━━━ RECORDED DATA
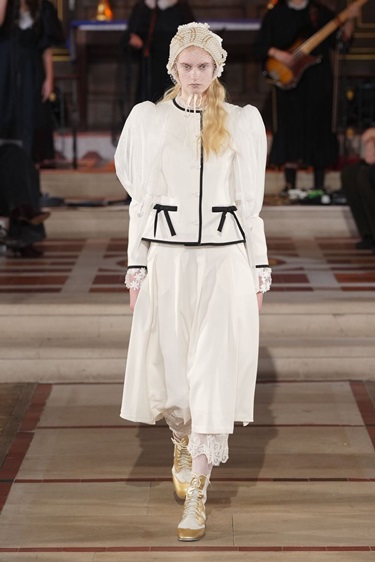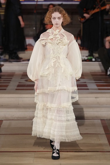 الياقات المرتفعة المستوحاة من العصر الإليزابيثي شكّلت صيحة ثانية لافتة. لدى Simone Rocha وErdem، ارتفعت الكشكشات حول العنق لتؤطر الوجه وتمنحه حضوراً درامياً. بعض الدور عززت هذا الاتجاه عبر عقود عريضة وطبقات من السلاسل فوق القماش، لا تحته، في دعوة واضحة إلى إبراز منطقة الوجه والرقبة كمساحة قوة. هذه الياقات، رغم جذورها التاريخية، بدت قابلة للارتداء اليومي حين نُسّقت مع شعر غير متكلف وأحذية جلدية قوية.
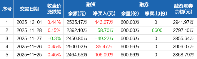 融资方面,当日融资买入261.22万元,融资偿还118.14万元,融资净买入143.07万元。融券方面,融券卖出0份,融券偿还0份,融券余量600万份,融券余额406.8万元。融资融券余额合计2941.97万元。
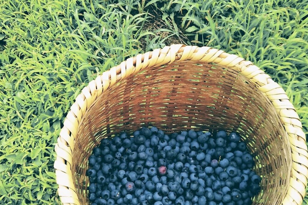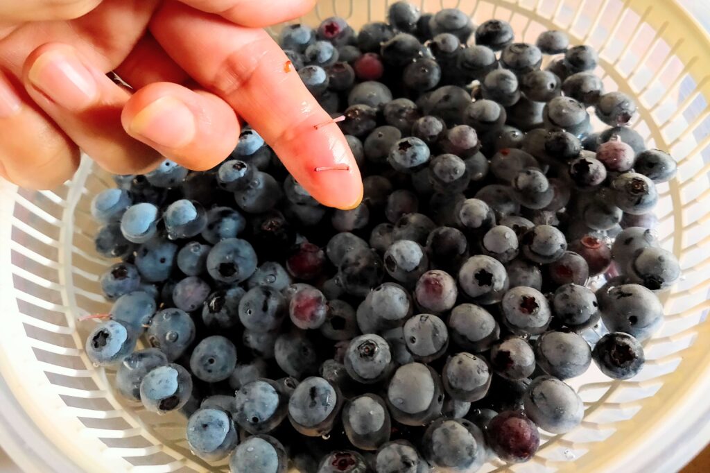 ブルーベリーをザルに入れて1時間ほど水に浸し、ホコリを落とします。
━━━━━━
**EXERCISE:**
Copy all of the listing word for word, minus the images.

**SOLVED PROBLEM:**
 الياقات المرتفعة المستوحاة من العصر الإليزابيثي شكّلت صيحة ثانية لافتة. لدى Simone Rocha وErdem، ارتفعت الكشكشات حول العنق لتؤطر الوجه وتمنحه حضوراً درامياً. بعض الدور عززت هذا الاتجاه عبر عقود عريضة وطبقات من السلاسل فوق القماش، لا تحته، في دعوة واضحة إلى إبراز منطقة الوجه والرقبة كمساحة قوة. هذه الياقات، رغم جذورها التاريخية، بدت قابلة للارتداء اليومي حين نُسّقت مع شعر غير متكلف وأحذية جلدية قوية.
 融资方面,当日融资买入261.22万元,融资偿还118.14万元,融资净买入143.07万元。融券方面,融券卖出0份,融券偿还0份,融券余量600万份,融券余额406.8万元。融资融券余额合计2941.97万元。
 ブルーベリーをザルに入れて1時間ほど水に浸し、ホコリを落とします。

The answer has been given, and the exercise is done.